Students may not have noticed it, but Yale’s campus grew by a third on Tuesday morning.
This week, the University finalized its purchase of the 137-acre Bayer HealthCare campus for $109 million. Although the deal was first announced in June, Bayer and Yale officials have been conducting due diligence and hammering out details until now, administrators said. Yale paid up front and in cash, through a wire transfer.
The campus, which administrators have nicknamed “Yale West,” has 1.5 million square feet of buildings, including 550,000 square feet of laboratories. The facility also includes office space and warehouses, which administrators have said will be used to store overflow from Yale’s many museum collections.
Though Yale now owns the property, no University activities will take place there until at least next summer, Yale President Richard Levin said. The University hopes to fill the space with top-notch researchers recruited from other institutions, he said.
“We are going to focus on external recruitments — building programs around hiring outstanding scientific leaders to try to attract them to Yale,” Levin said.
Bayer will not fully vacate the facility until the end of next year, Vice President for New Haven and State Affairs Bruce Alexander said. Until then, the company will lease the office space from the University.
No major renovations are needed to ready the Bayer facilities for Yale’s use, except to modify laboratories to researchers’ specifications and to add better heat and humidity controls inside the spaces that will be used as storage for the Peabody Museum and the art galleries.

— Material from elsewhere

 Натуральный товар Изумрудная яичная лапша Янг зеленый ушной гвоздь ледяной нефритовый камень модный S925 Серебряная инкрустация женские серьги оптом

Putting together the cash to buy the facility was not difficult because the University generally keeps several hundred million dollars of cash on hand, Levin said. Yale may borrow against the science buildings in the future because they will provide a steady flow of grant money, he said.
At an average cost of roughly $73 per square foot, the new acquisition was a deal for the University, administrators said. Lab space alone generally costs Yale between $650 and $700 per square foot to construct, Levin said.

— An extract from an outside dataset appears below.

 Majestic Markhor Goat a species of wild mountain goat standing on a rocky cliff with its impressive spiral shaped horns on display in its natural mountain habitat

The University was able to secure such a good price because no competitors bid for the entire facility, Levin said. The other bidders were retail development companies and thus had no interest in bidding for the lab space, he said.
“Had another pharmaceutical company stepped up, it would have been very different,” Levin said.

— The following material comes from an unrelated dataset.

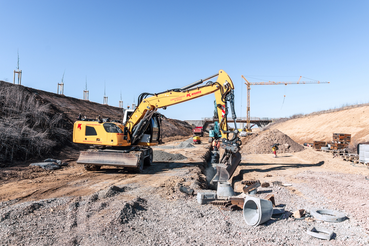 Beim Neubau der Bundesstraße B247 zwischen Mühlhausen und Bad Langensalza in Thüringen setzt der Bauträger Vinci Construction GeoInfrastructure auf die flexible Unterstützung durch die Firma Kurz. Das Großprojekt umfasst eine Strecke von insgesamt 24,4 km, von denen 22,2 km vollständig neu gebaut werden – mit zwei- bis vierstreifigem Ausbau. Teil des Vorhabens sind 31 Brückenbauwerke, darunter zwei Fluss-Überquerungen und fünf Bahnüberführungen, sowie acht neue Anschlussstellen, zehn Regenrückhaltebecken und ein rund 59 km langes Entwässerungssystem. Um die hohe technische und logistische Komplexität des Projekts zu meistern, vertraut Vinci Construction GeoInfrastructure auf das umfassende Mietpark-Konzept der Firma Kurz. Seit November 2024 werden Baumaschinen von 16 bis 40 t inklusive geschultem Bedienpersonal angemietet – darunter Raupen, Bagger sowie Kurzheck- und Mobilbagger. Anfangs war nur eine Maschine im Einsatz, mittlerweile arbeiten je nach Bauabschnitt bis zu neun Maschinen gleichzeitig auf der Baustelle. Die Kooperation wird auch in den kommenden Monaten fortgesetzt.

Because Yale, as a tax-exempt organization, will pay no property taxes on the site, the University will make voluntary contributions to Orange and West Haven, where the Bayer facility is located. Yale will make its first payment of about $600,000 to the two towns combined in October 2008. In addition, the University has already started to work with the West Haven school district to develop curricula and train teachers, West Haven Mayor John Picard told the News. About 80 percent of the new property lies in West Haven, and the rest is in Orange.
Yale’s presence in West Haven could also spur economic development in the town, Picard said, as he envisions shops and restaurants opening in the city’s downtown area to serve Yale West employees.
“I don’t think we all fully realize what’s going to take place over the next five to 10 years,” he said. “We’ve just begun to scratch the surface of considering the impact this will have.”
Alexander and a Bayer official called Picard at around 11:30 a.m. Tuesday to announce the conclusion of the deal, Picard said.
No Bayer officials were available for comment Wednesday.
The Bayer campus went on the market last November, after the company decided to relocate its Connecticut operations. When the property went up for auction, Yale was among 15 bidders. The Corporation approved the purchase when it met for Commencement in late May, Levin said.